• [What you are asked to do]
Given the material below, return only the lines starting at the line with "Attention CompatibilityThis bluetooth" and ending at the line with "An image of", exactly as they appear.

• [Records to use]
====
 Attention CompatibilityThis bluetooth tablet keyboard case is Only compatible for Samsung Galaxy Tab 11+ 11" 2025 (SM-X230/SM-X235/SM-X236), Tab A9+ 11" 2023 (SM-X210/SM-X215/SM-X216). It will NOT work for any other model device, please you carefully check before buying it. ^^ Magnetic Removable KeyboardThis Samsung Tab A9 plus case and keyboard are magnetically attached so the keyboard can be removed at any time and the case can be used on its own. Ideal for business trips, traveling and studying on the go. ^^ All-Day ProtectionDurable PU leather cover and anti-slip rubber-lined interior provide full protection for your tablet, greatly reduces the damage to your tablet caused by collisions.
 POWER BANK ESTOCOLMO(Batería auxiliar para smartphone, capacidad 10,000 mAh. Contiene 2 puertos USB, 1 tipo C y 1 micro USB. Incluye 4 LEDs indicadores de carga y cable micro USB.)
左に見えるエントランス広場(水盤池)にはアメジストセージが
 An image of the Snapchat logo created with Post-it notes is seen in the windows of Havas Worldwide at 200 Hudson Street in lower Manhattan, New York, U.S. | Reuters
====
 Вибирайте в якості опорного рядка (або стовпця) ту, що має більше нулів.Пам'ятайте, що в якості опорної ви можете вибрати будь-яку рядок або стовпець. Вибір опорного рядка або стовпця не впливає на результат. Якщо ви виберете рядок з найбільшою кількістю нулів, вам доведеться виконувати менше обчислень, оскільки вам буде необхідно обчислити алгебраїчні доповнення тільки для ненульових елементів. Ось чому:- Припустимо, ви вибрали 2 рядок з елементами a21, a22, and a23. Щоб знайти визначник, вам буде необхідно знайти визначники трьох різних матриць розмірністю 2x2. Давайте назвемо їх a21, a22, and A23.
====
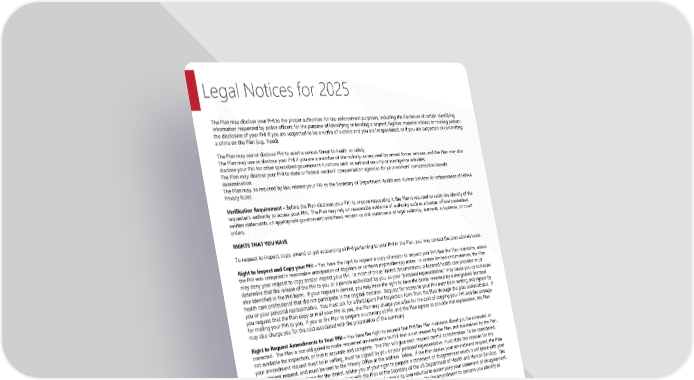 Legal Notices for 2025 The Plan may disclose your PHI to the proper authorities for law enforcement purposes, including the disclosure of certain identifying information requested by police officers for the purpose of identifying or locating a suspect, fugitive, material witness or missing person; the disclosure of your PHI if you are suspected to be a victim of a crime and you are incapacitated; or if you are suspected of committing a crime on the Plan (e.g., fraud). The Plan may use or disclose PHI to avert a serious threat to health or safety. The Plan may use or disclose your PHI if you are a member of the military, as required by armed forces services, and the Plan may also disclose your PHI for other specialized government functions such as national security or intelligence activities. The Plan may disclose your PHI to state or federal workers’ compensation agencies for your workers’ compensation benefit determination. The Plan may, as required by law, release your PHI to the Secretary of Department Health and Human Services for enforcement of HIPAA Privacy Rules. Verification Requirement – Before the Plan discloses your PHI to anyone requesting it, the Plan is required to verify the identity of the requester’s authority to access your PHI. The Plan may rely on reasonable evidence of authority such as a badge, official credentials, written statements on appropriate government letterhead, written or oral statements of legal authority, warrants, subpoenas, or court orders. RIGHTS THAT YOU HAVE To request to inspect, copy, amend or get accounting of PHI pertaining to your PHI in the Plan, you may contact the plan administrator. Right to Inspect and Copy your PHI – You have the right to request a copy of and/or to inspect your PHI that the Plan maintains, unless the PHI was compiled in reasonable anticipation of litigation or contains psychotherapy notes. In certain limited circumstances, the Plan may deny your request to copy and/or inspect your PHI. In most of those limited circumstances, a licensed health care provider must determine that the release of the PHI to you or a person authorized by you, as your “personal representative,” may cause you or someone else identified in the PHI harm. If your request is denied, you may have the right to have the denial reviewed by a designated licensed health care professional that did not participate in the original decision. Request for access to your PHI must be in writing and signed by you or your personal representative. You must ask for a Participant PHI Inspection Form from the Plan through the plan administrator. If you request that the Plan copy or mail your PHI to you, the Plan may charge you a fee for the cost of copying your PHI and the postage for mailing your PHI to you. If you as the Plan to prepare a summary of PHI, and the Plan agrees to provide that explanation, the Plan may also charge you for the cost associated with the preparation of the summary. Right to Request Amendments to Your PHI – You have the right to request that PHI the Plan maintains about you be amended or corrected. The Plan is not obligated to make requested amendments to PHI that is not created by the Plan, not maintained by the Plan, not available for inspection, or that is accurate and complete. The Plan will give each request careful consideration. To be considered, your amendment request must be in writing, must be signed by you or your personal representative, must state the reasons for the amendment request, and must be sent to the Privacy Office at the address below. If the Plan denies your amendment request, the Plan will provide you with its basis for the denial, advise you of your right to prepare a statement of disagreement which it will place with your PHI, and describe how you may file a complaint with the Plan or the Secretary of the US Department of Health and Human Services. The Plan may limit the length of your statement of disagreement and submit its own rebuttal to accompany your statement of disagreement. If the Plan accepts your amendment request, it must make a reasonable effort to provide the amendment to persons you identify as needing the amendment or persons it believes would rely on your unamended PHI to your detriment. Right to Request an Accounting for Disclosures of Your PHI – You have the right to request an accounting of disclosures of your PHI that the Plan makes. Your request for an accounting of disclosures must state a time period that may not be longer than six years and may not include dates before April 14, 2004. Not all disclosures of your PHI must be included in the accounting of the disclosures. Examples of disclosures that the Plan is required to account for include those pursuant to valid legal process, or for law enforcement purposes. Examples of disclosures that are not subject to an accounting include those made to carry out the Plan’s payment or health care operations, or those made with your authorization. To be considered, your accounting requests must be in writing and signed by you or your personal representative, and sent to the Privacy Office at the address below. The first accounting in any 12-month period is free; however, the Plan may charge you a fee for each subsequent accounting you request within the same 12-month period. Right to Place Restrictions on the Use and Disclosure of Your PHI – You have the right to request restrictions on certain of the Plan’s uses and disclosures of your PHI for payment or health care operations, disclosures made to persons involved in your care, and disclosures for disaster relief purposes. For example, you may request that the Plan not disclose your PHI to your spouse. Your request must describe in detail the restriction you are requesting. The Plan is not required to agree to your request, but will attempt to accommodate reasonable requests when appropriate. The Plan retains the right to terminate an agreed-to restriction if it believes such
====
• [Exercise result]
 Attention CompatibilityThis bluetooth tablet keyboard case is Only compatible for Samsung Galaxy Tab 11+ 11" 2025 (SM-X230/SM-X235/SM-X236), Tab A9+ 11" 2023 (SM-X210/SM-X215/SM-X216). It will NOT work for any other model device, please you carefully check before buying it. ^^ Magnetic Removable KeyboardThis Samsung Tab A9 plus case and keyboard are magnetically attached so the keyboard can be removed at any time and the case can be used on its own. Ideal for business trips, traveling and studying on the go. ^^ All-Day ProtectionDurable PU leather cover and anti-slip rubber-lined interior provide full protection for your tablet, greatly reduces the damage to your tablet caused by collisions.
 POWER BANK ESTOCOLMO(Batería auxiliar para smartphone, capacidad 10,000 mAh. Contiene 2 puertos USB, 1 tipo C y 1 micro USB. Incluye 4 LEDs indicadores de carga y cable micro USB.)
左に見えるエントランス広場(水盤池)にはアメジストセージが
 An image of the Snapchat logo created with Post-it notes is seen in the windows of Havas Worldwide at 200 Hudson Street in lower Manhattan, New York, U.S. | Reuters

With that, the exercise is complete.